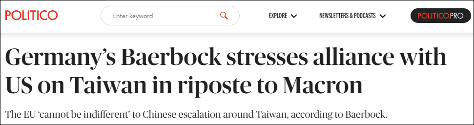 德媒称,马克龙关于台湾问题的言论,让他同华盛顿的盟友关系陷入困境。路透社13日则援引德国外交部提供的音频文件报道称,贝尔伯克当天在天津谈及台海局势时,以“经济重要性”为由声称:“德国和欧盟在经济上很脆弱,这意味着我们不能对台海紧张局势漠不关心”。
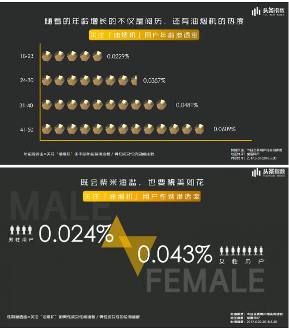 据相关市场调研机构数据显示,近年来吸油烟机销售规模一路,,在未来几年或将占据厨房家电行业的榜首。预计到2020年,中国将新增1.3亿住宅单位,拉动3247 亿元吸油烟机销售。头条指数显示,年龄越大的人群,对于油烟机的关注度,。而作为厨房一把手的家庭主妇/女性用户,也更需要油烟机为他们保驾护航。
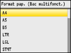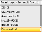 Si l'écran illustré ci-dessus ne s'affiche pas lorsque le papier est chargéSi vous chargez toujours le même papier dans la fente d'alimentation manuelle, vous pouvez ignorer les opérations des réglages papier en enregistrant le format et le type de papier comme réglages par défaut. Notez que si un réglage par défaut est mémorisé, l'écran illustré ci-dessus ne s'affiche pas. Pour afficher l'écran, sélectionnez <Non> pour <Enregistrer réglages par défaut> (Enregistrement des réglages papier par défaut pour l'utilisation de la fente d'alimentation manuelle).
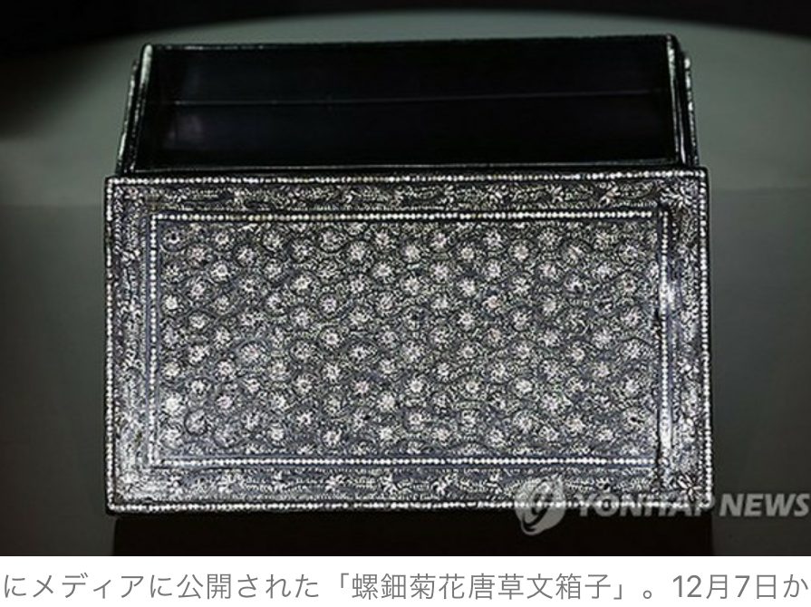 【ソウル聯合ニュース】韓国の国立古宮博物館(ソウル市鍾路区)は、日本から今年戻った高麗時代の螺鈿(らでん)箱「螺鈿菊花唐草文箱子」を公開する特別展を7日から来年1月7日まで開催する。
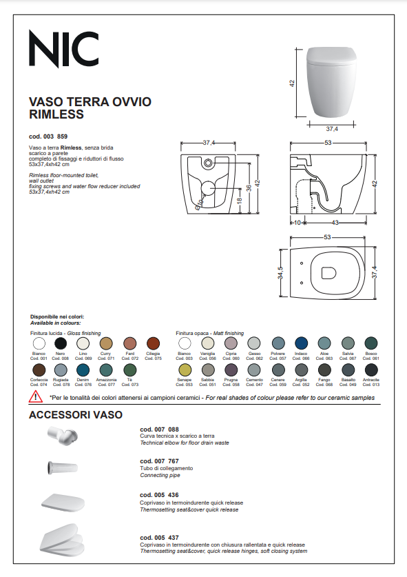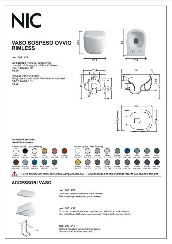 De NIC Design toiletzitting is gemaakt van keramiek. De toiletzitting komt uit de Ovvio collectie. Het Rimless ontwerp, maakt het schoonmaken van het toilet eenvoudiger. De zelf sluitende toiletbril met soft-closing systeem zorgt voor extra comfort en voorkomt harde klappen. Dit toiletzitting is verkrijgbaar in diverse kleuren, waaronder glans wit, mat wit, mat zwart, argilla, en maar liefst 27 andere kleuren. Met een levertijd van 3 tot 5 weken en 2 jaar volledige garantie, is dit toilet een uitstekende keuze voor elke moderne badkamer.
====
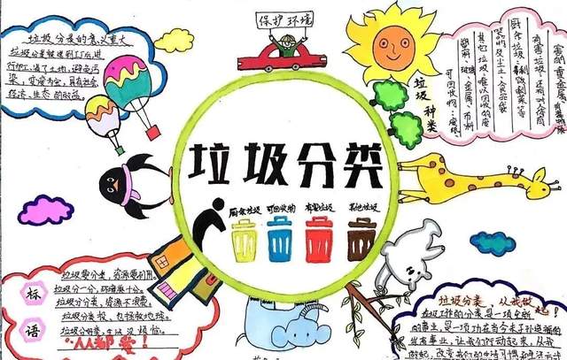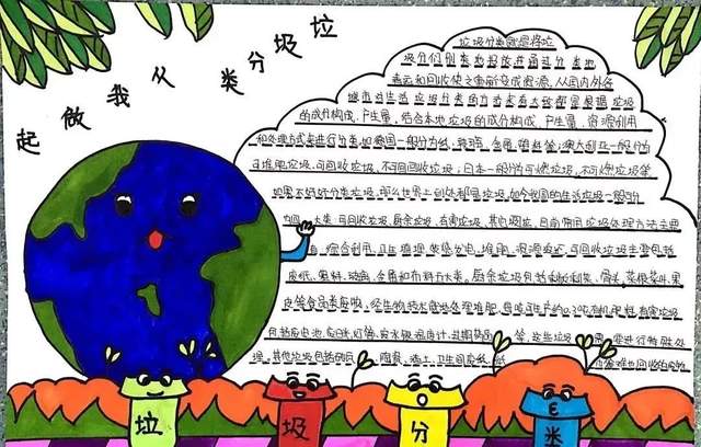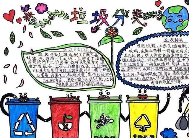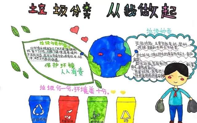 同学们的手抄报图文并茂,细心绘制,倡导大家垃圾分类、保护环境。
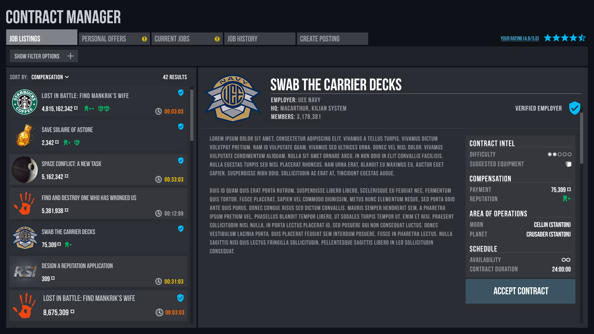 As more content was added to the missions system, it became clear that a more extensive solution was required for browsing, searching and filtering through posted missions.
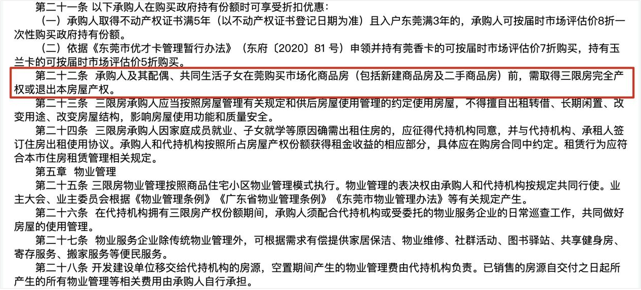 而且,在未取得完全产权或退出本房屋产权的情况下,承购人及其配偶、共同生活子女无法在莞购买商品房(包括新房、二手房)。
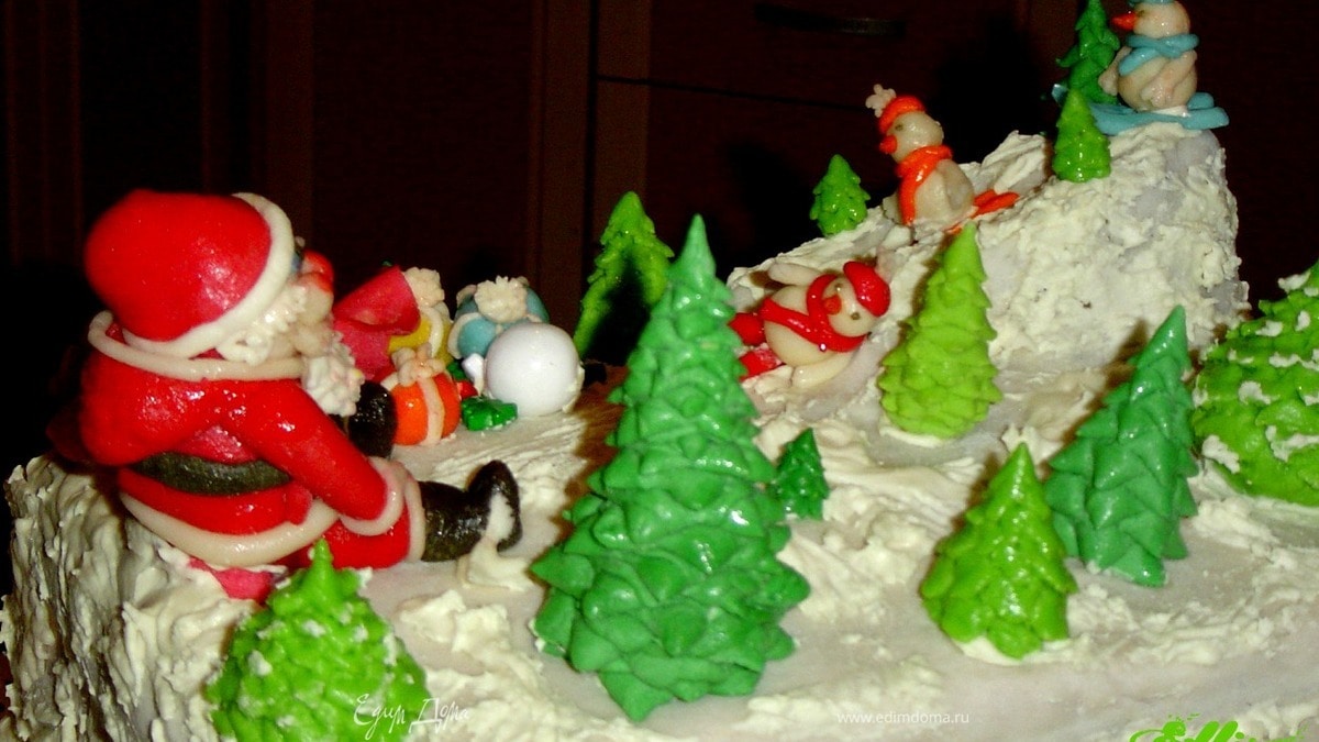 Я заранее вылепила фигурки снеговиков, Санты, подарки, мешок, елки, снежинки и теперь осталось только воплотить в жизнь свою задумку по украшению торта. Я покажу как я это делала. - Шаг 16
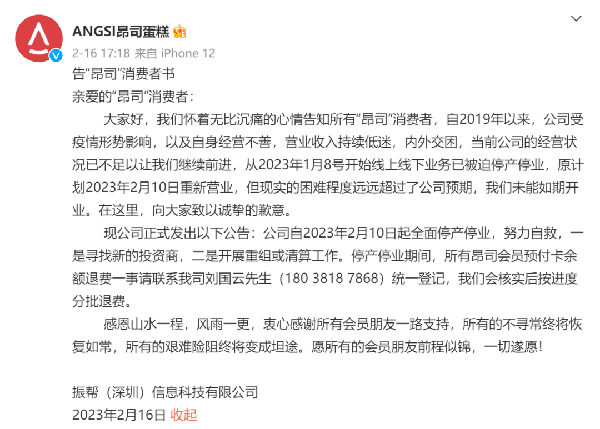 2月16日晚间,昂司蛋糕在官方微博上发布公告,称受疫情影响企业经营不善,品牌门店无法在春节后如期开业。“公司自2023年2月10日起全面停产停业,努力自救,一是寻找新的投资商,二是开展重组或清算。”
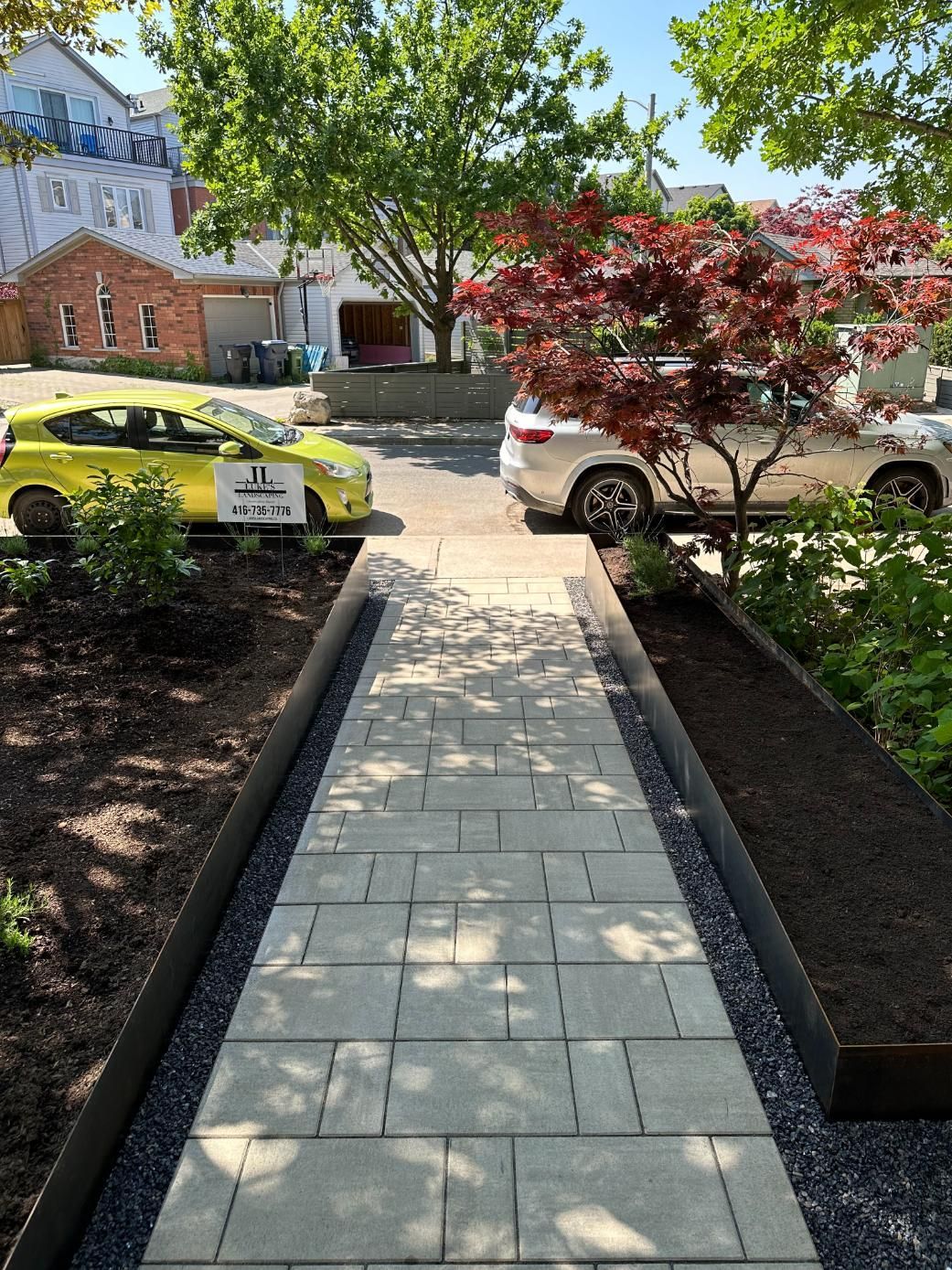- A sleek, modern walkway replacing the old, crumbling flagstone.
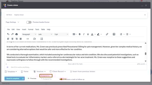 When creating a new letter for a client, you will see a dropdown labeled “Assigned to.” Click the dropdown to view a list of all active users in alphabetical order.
====
Problem requirements: Would you please repeat only the lines above, beginning at the one that has "Я заранее вылепила" and stopping after the one that has "When creating a", exactly and with no pictures?

Written response:
 Я заранее вылепила фигурки снеговиков, Санты, подарки, мешок, елки, снежинки и теперь осталось только воплотить в жизнь свою задумку по украшению торта. Я покажу как я это делала. - Шаг 16
 2月16日晚间,昂司蛋糕在官方微博上发布公告,称受疫情影响企业经营不善,品牌门店无法在春节后如期开业。“公司自2023年2月10日起全面停产停业,努力自救,一是寻找新的投资商,二是开展重组或清算。”
- A sleek, modern walkway replacing the old, crumbling flagstone.
 When creating a new letter for a client, you will see a dropdown labeled “Assigned to.” Click the dropdown to view a list of all active users in alphabetical order.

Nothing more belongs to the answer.